== Records for this exercise
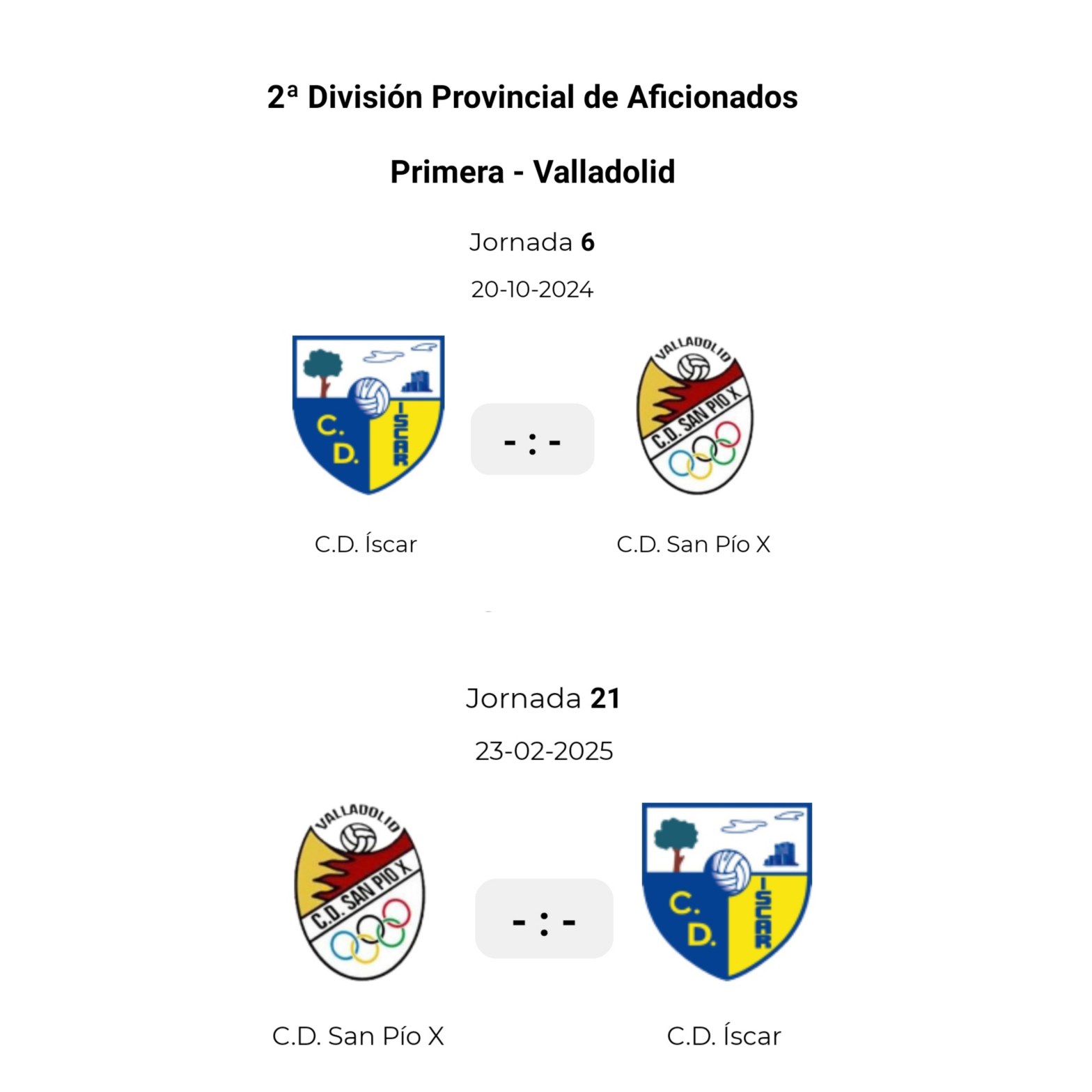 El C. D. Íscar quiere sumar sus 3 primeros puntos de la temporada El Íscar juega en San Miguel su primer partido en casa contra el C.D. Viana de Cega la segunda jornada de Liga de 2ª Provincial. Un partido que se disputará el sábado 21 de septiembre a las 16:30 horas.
====
== Records for this exercise
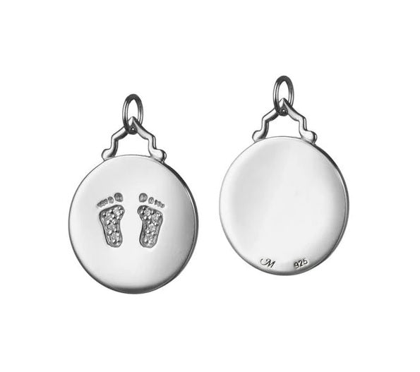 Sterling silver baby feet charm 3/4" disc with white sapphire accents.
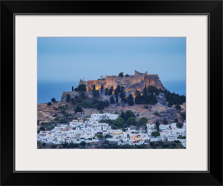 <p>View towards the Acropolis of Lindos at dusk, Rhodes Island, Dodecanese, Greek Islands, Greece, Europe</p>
====
Exercise aim: Copy only these lines from the records above, exactly: the one with "Sterling silver baby", the one with "<p>View towards the", and those between. Skip the pictures.

Task answer:
 Sterling silver baby feet charm 3/4" disc with white sapphire accents.
 <p>View towards the Acropolis of Lindos at dusk, Rhodes Island, Dodecanese, Greek Islands, Greece, Europe</p>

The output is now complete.